Luke looks at the crack and then at me. “If you say so,” he replies.
Giving blood might well turn out to be the best thing I can do with my life. In which case, it’s time to stop talking about it and start getting it out there.
“I was wondering whether you’ll be in on Saturday…”
“For another one of your visits, I suppose,” says my doting grandmother.
Weighing up the pros and cons of this small, dusty plant versus that bunch of pink dahlias, I fast-forward a few days to the flowers dead and brown, and take the plastic pot to the counter.
—
“Isn’t that thoughtful?”
In the dark hallway, Grandma turns it this way and that in both hands to examine the stubby growth from all angles.
“The lady in the shop said it wouldn’t need much looking after: just stick it by a window and water when it’s looking dry.”
“Like me,” she says, and I wonder if flowers would have been better after all.
“Tell me,” says Grandma, now settled in the kitchen, pushing a mug in my direction, “whatever happened to that nice doctor you were seeing?”
“Luke?
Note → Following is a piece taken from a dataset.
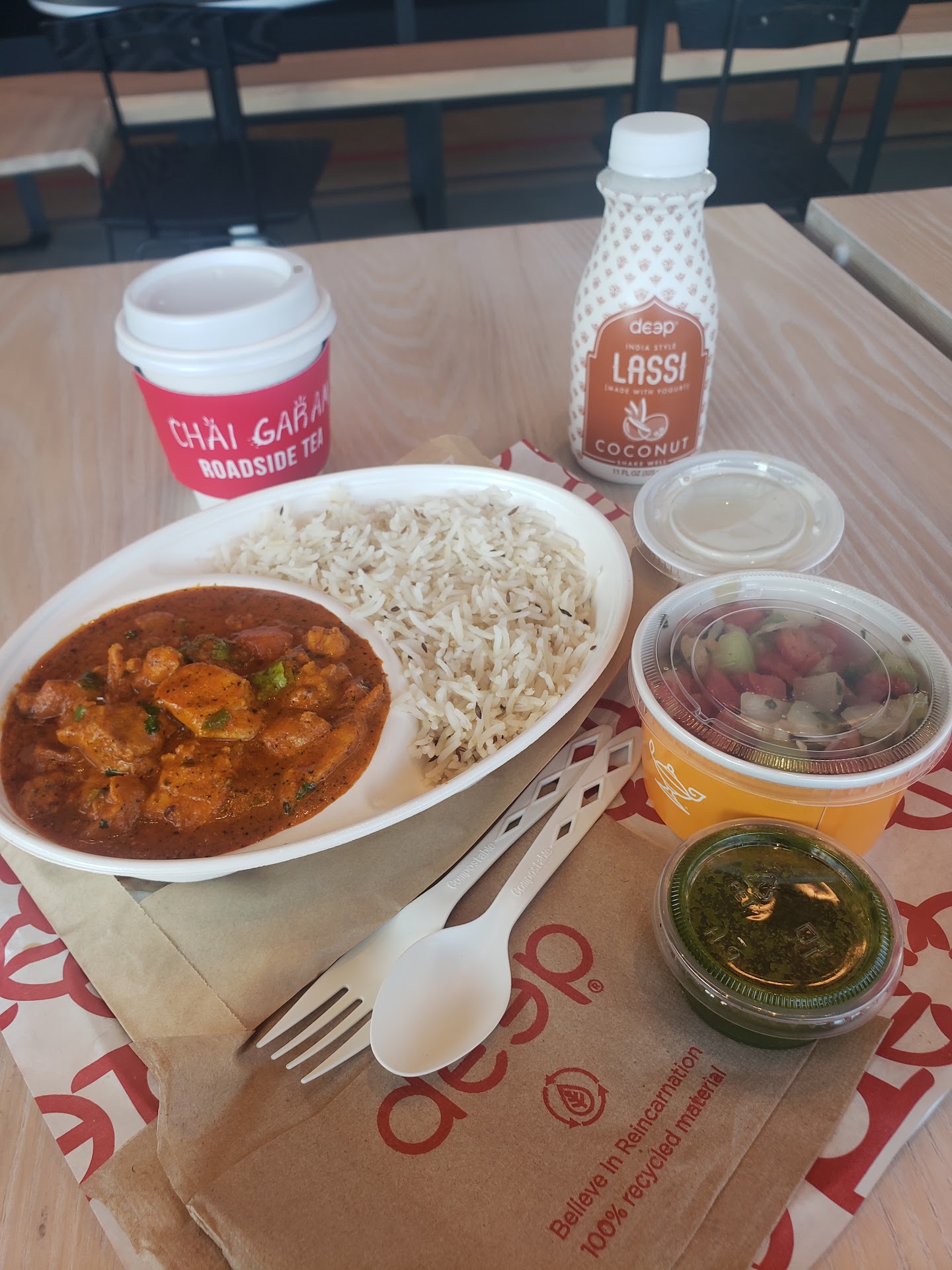 Instead of chicken samosa, we were given goat samosa!?! š¤ Chill chutney was sweeter than spicy. What a shame. Biryani was bombarded with cilantro. After sorting out 10000001 pieces of cilantro, biriyani tasted alright. Spice level was just ok for me but a little too much for hubby š. Dal was ok. Nothing to rave about. The original samosa was pretty tasty. But the goat one, I couldn't stand the smell, hubby said it was okay. Their soft serve machine was not working so they gave us mango š„ lassi, which hubby wanted to begin with, but kiosk didn't show that option?!

We’re still together. Why do you ask?”
“Oh, I haven’t seen him for a while; I suppose I assumed he’d left the scene. He didn’t come to your grandfather’s funeral, of course.” She sniffs, picking at something on her skirt. “That was poor form, we thought.”
I decide against prodding the hornets’ nest “we.”
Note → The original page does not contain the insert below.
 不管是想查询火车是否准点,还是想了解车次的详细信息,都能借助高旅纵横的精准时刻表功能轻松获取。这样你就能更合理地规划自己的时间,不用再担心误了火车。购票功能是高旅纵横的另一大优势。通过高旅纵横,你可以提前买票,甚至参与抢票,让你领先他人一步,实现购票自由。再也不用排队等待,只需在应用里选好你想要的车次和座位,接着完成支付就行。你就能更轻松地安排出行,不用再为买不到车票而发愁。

“He was working. He sent you a card, remember? Saying how sorry he—”
“And what about a wedding, then?” she interrupts, as if returning to the main business from which I’d willfully put her off course.
“Luke and me? Not in the cards. It’s not really us: all that fuss and expense.”
“Mm.” Grandma cocks her head. “I suppose if there aren’t any children, there’s no real rush. Besides, it keeps you on your toes.”
“Well, ha, yes, but no, and, also, you know, if there were children, a wedding isn’t…” I start again. “It’s totally fine not to, for my generation.” Her eyes slide down to my stomach, but I ward them off with folded arms. “Not that there are any children, yet. We’re waiting until he’s fully qualified.” I hold the tea under my chin, bathing my face in its warm, wet breath. “I think that’s what we’ve agreed,” I say, more to myself than to Grandma.